— EXERCISE INSTRUCTIONS —
Please transcribe the listing below in full and word for word, without its pictures.

-- SOURCE DATA follows --

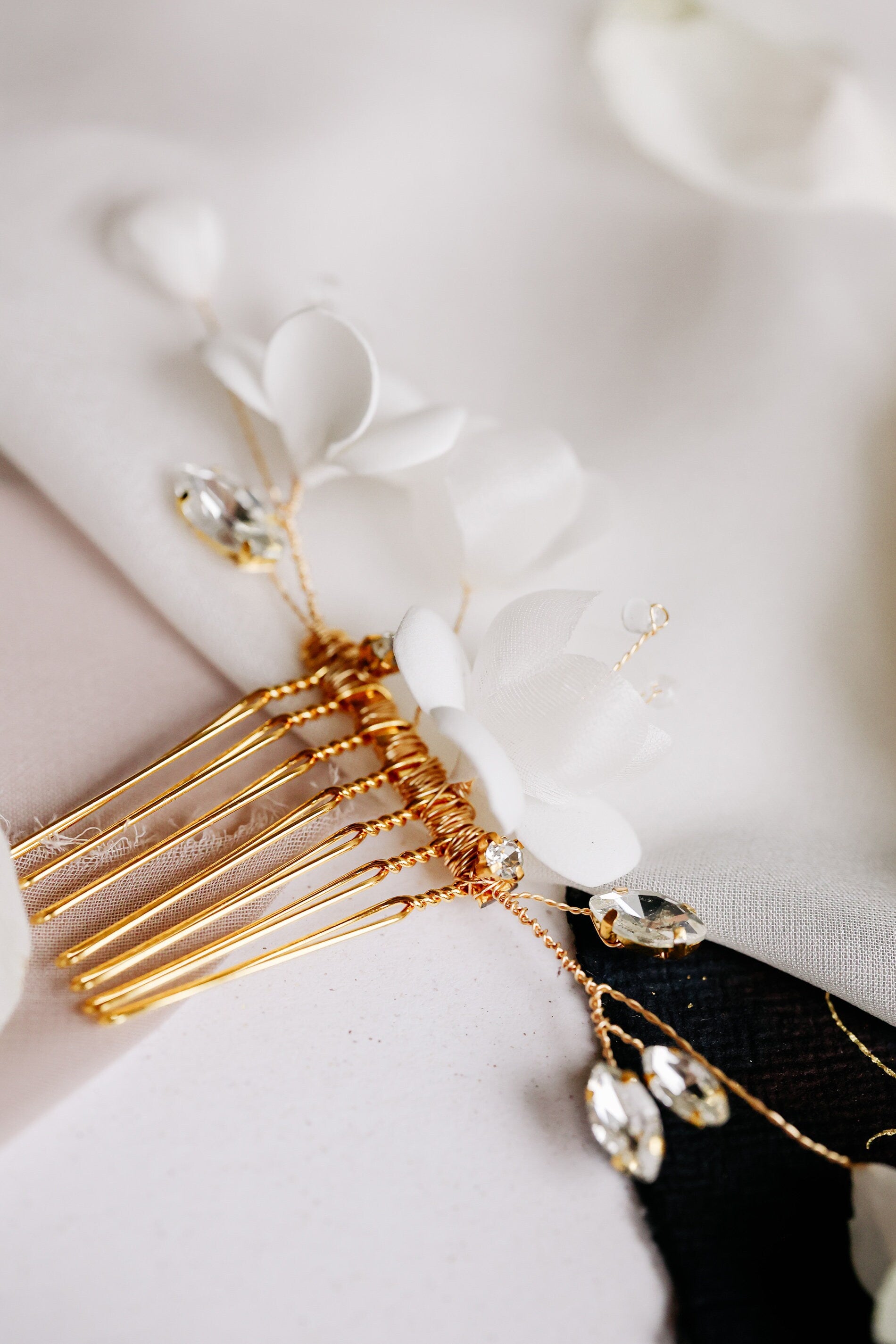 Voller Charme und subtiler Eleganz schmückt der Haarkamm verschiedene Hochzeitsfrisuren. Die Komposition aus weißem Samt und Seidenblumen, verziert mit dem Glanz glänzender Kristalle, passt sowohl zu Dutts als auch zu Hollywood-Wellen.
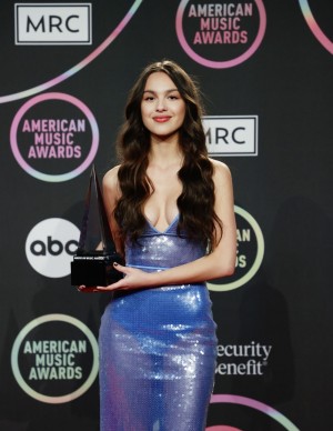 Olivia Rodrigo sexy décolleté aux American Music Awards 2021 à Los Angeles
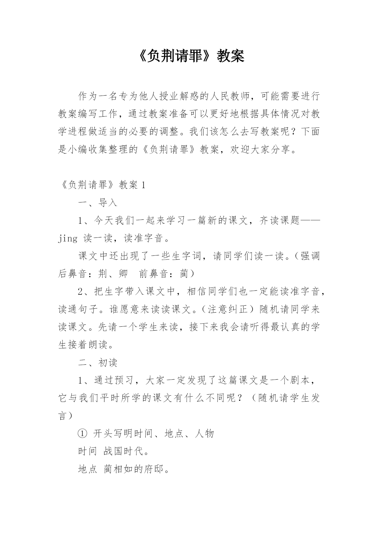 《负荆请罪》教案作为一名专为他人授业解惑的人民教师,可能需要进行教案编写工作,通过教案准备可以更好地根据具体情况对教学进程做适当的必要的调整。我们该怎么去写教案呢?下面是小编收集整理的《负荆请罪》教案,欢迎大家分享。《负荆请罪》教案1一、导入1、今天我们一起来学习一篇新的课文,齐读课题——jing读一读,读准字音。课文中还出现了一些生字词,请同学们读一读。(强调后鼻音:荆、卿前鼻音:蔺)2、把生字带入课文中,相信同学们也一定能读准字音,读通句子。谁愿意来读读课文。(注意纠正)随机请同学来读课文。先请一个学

-- SOURCE DATA concluded --

— RESULT —
 Voller Charme und subtiler Eleganz schmückt der Haarkamm verschiedene Hochzeitsfrisuren. Die Komposition aus weißem Samt und Seidenblumen, verziert mit dem Glanz glänzender Kristalle, passt sowohl zu Dutts als auch zu Hollywood-Wellen.
 Olivia Rodrigo sexy décolleté aux American Music Awards 2021 à Los Angeles
 《负荆请罪》教案作为一名专为他人授业解惑的人民教师,可能需要进行教案编写工作,通过教案准备可以更好地根据具体情况对教学进程做适当的必要的调整。我们该怎么去写教案呢?下面是小编收集整理的《负荆请罪》教案,欢迎大家分享。《负荆请罪》教案1一、导入1、今天我们一起来学习一篇新的课文,齐读课题——jing读一读,读准字音。课文中还出现了一些生字词,请同学们读一读。(强调后鼻音:荆、卿前鼻音:蔺)2、把生字带入课文中,相信同学们也一定能读准字音,读通句子。谁愿意来读读课文。(注意纠正)随机请同学来读课文。先请一个学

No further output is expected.